■ Exercise brief ■
The answer should consist of the full listing below, repeated exactly and free of pictures.

■ Supplied information ■
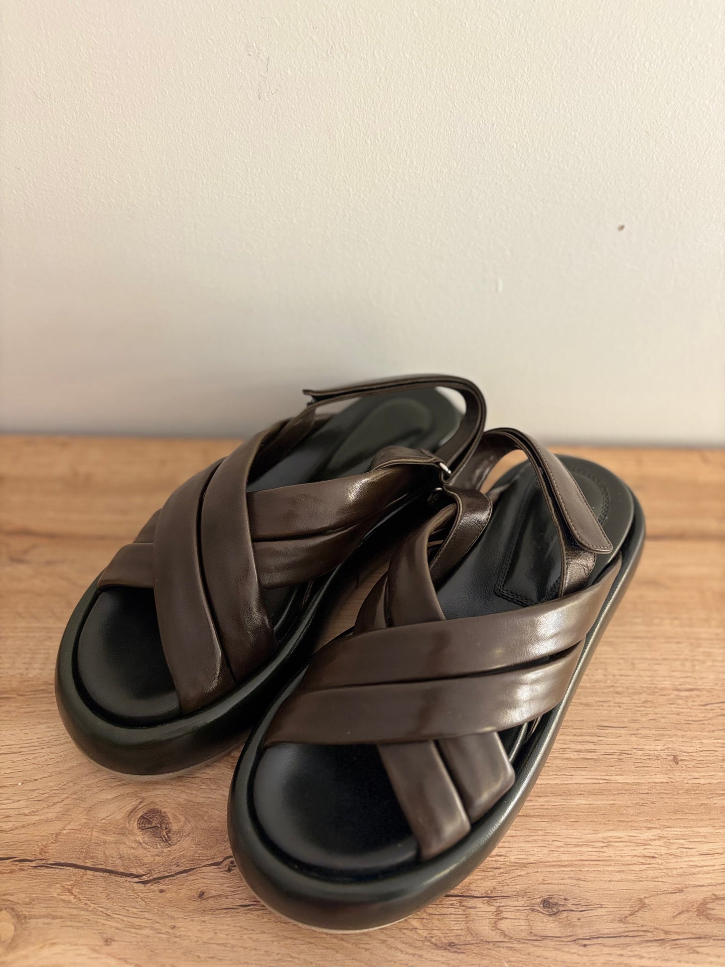 Sandale NAPPA OLIVA en cuir nappa vert de Lorenzo Masiero.
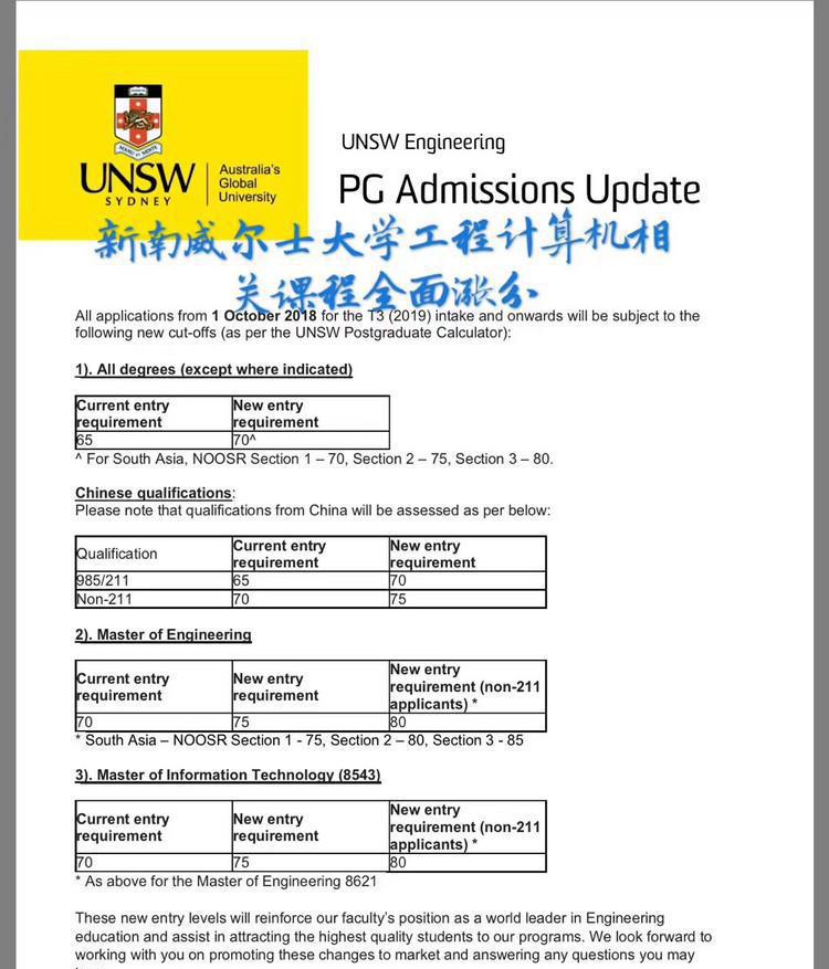 除了澳国立的满位通知外,还有两所学校也给了我们大大的刺激,首先就是新南威尔士大学的涨分,IT专业以及工程专业在2018年10月1日之后就都要全面涨分了,比之前的要求足足涨了8分之多。
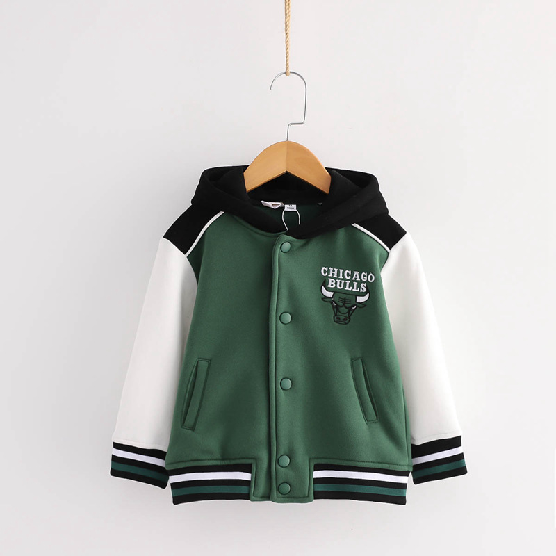 만화 편지 수 놓은 소년 후드 야구 재킷 2024 가을 새로운 스타일 0622-07
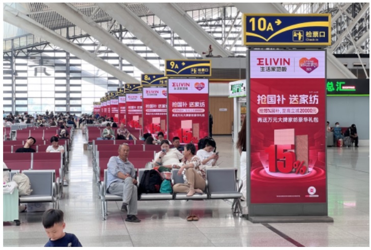 活動(dòng)期間,生活家地板促銷廣告強(qiáng)勢(shì)登陸全國(guó) 60 個(gè)高鐵站的 983 塊大屏,高鐵大屏廣告以其強(qiáng)大的視覺沖擊力和廣泛的覆蓋范圍,為全民戀家節(jié)活動(dòng)的出圈提供了強(qiáng)大的支持,讓促銷活動(dòng)政策在億萬(wàn)旅人的歸途與遠(yuǎn)行中被反復(fù)看見、深刻銘記,實(shí)現(xiàn)了品牌信息的有效觸達(dá)。

■ Output ■
 Sandale NAPPA OLIVA en cuir nappa vert de Lorenzo Masiero.
 除了澳国立的满位通知外,还有两所学校也给了我们大大的刺激,首先就是新南威尔士大学的涨分,IT专业以及工程专业在2018年10月1日之后就都要全面涨分了,比之前的要求足足涨了8分之多。
 만화 편지 수 놓은 소년 후드 야구 재킷 2024 가을 새로운 스타일 0622-07
 活動(dòng)期間,生活家地板促銷廣告強(qiáng)勢(shì)登陸全國(guó) 60 個(gè)高鐵站的 983 塊大屏,高鐵大屏廣告以其強(qiáng)大的視覺沖擊力和廣泛的覆蓋范圍,為全民戀家節(jié)活動(dòng)的出圈提供了強(qiáng)大的支持,讓促銷活動(dòng)政策在億萬(wàn)旅人的歸途與遠(yuǎn)行中被反復(fù)看見、深刻銘記,實(shí)現(xiàn)了品牌信息的有效觸達(dá)。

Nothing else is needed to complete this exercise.